Раньше я всегда спрашивала, можно ли мне сестренку или братика, на что меня смиряли насмешливым взглядом и говорили:
– Зачем нам еще один спиногрыз? Ты вполне нас устраиваешь.
Это слово я сначала не понимала, а как дошло… Боль адская. Весь мир, так тщательно построенный внутри меня богатой жизнью, рассыпался. Осталось только осознание, что я просто показатель благополучный жизни счастливой семьи.
Но я смирилась. Приняла как должное и это. Тишину за обедом. Отказ от детских шалостей. Постоянную учебу и отсутствие друзей. Да потому что все это лучше, чем побираться как дети из детского дома, которых я часто видела за окном дорогущей машины с кожаным салоном и перегородкой между водителем и пассажирами. Такой контраст и желание смеяться застревало комом в горле. Лучше так, чем на улице.
Глава 3
Я останусь в своем вечном одиноком благополучии, я буду четко следовать правилам, вот только… прогуляюсь.
Почувствую ногами мягкость травы и острые ветки. Просто проведу рукой по шершавому стволу. Просто окунусь в лесное, сладко пахнущее море. И побегу. От себя. От него. От того, кто заставил сомневаться. Одним своим видом. Одним только прожигающим взглядом. От собственных неправильных желаний.
– Ой, – вскрикиваю я, когда натыкаюсь на бревно и чуть не падаю. Руками задерживаюсь, осматривая место, в котором оказалась. Часто дышу после бега. Вау…
Поляна. Вокруг очень тесно деревья, а словно спущенные ветви делают её скрытой от посторонних глаз.
Кто-то специально создал себе уютный уголок в лоне Подмосковной природы. Вон там даже гамак висит, а рядом банка из-под пива. Я смотрю назад, облизываю пересохшие, дрожащие губы, понимая, что перелезь я через это дерево, войду без приглашения в чужой дом.
Но рядом никого, а это земля Андронова, значит, теоретически – моя. Тем более ноги от бега гудят, а трава такая высокая, сочная, как будто шелковая постель в моей спальне.

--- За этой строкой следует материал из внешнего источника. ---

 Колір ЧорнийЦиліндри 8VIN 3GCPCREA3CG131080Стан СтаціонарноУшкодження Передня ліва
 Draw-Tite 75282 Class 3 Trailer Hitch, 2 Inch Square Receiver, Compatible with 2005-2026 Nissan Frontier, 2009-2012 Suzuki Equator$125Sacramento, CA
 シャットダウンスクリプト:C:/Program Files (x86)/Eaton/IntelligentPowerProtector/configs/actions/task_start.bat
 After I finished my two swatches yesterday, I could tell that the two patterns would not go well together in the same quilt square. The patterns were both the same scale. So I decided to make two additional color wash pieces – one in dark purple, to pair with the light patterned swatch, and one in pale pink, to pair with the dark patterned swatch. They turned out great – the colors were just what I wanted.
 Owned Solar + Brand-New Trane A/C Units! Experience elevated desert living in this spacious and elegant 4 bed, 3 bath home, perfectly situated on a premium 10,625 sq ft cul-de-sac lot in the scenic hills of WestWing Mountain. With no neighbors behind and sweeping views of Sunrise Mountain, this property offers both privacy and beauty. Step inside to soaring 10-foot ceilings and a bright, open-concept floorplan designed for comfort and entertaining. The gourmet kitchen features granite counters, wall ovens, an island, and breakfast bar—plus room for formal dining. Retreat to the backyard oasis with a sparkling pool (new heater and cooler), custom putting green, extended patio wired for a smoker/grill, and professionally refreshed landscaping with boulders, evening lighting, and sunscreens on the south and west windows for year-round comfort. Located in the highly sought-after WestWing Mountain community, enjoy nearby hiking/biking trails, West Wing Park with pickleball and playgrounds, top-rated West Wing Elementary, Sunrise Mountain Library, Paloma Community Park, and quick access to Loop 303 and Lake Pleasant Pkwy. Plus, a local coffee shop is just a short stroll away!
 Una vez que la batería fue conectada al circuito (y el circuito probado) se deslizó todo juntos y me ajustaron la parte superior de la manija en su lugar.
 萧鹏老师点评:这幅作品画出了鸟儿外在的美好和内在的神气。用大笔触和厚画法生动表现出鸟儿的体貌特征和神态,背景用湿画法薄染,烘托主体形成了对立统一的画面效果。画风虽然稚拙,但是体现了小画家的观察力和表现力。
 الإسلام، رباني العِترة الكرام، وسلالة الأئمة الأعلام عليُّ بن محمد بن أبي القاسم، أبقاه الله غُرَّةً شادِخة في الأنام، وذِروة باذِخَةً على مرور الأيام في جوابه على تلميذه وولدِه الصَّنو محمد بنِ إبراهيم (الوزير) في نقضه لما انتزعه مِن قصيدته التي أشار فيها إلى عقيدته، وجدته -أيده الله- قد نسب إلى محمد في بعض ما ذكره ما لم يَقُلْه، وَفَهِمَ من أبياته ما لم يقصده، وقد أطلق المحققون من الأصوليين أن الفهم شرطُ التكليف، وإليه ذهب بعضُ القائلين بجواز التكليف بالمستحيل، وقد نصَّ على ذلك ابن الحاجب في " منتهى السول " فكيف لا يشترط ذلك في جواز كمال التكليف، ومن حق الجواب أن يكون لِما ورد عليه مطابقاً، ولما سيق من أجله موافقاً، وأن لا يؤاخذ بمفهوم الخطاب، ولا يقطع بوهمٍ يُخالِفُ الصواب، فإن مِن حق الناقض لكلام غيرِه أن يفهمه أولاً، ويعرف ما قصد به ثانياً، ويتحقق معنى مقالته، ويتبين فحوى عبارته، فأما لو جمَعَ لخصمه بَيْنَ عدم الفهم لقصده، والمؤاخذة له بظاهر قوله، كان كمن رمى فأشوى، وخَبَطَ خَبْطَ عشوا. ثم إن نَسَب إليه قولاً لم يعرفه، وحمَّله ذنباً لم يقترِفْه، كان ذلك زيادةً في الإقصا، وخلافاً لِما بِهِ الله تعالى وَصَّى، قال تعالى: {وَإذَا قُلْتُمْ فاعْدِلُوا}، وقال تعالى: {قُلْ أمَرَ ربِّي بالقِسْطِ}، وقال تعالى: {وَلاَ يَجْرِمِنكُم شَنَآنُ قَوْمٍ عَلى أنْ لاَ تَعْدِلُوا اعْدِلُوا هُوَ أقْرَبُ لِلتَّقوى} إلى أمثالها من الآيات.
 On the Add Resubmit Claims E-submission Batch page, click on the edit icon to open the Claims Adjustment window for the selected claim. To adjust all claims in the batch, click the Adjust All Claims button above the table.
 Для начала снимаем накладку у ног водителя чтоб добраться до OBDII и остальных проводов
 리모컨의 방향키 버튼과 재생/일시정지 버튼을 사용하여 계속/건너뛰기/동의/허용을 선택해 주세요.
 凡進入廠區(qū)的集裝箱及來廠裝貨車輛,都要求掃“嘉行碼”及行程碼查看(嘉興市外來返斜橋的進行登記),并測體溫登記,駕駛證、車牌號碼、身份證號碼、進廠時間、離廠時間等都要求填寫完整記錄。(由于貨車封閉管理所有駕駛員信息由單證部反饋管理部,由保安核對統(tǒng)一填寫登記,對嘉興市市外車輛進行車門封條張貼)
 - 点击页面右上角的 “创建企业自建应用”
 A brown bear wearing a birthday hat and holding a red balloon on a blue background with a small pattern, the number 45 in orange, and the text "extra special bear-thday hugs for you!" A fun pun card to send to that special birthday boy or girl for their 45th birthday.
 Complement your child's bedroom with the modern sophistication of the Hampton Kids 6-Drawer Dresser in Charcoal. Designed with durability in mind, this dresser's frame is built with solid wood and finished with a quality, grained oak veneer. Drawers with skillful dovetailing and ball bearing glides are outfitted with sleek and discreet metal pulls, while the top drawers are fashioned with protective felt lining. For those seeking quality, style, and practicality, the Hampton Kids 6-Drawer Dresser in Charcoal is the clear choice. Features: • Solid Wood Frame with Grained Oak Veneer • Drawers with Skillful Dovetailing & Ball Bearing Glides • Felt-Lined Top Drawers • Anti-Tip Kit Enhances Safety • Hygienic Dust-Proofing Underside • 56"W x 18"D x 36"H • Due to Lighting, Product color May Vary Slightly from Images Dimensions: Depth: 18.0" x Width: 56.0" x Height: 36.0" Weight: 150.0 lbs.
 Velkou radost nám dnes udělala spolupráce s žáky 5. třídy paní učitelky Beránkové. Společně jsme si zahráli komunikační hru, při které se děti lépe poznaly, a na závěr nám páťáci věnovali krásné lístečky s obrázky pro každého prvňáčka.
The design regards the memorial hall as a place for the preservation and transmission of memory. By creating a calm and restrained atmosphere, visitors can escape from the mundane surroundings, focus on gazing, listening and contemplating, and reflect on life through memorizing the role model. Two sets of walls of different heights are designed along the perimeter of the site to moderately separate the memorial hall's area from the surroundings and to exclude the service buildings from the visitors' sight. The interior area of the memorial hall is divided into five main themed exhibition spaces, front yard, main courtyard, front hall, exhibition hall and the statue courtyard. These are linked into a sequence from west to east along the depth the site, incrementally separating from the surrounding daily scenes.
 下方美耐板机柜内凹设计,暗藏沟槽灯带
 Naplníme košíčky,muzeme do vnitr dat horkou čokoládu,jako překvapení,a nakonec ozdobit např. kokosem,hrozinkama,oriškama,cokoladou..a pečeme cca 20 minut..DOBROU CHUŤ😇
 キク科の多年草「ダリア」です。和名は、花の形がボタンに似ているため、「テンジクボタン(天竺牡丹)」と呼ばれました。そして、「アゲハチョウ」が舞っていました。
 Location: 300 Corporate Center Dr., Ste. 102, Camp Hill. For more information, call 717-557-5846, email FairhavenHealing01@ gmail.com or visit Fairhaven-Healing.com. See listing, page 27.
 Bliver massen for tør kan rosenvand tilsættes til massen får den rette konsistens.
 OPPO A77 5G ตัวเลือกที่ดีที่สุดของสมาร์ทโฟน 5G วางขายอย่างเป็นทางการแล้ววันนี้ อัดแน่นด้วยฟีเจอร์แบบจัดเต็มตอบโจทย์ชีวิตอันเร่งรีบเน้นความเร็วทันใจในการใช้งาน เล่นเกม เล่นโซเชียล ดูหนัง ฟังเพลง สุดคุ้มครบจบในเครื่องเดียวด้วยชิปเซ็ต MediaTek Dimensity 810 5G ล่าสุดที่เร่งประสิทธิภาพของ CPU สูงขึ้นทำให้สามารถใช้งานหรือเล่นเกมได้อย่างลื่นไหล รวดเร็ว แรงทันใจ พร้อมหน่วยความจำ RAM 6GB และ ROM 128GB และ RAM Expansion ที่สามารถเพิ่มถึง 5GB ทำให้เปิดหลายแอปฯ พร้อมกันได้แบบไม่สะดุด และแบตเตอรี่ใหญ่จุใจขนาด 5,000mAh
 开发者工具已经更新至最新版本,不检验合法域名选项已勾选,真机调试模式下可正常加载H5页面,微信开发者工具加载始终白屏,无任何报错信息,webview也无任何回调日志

Не надо, Лана. Не надо этого делать. Но желание сильнее разума. Я ведь только прилягу. Ненадолго. Подумаю. Помечтаю. Вдали от правил. Вдали от пустого, безжизненного дома.
И я перелезаю через ствол, прохожу в центр поляны и задираю голову. Надо мной небо. Кроны деревьев, подсвеченные слепящим солнцем, вокруг плотный запах зелени, кореньев, земли и жимолости. И я вдыхаю эту смесь ароматов и начинаю кружится, танцевать, тихо смеяться, снова чувствуя себя свободной, легкой, невесомой.
Больше нет правил. Обязанностей. Ответственности. Нет больше Светланы Андроновой. Есть Лана. Лана – свободная. И я смеюсь с себя, с собственной глупости и падаю на спину.
Часто дышу и прикрываю глаза. Сердце так стучит. И словно снова перед ним. В платье. Которые он словно не заметил. Только глаза в глаза. И кровь на губах, вкус которых я никогда не узнаю.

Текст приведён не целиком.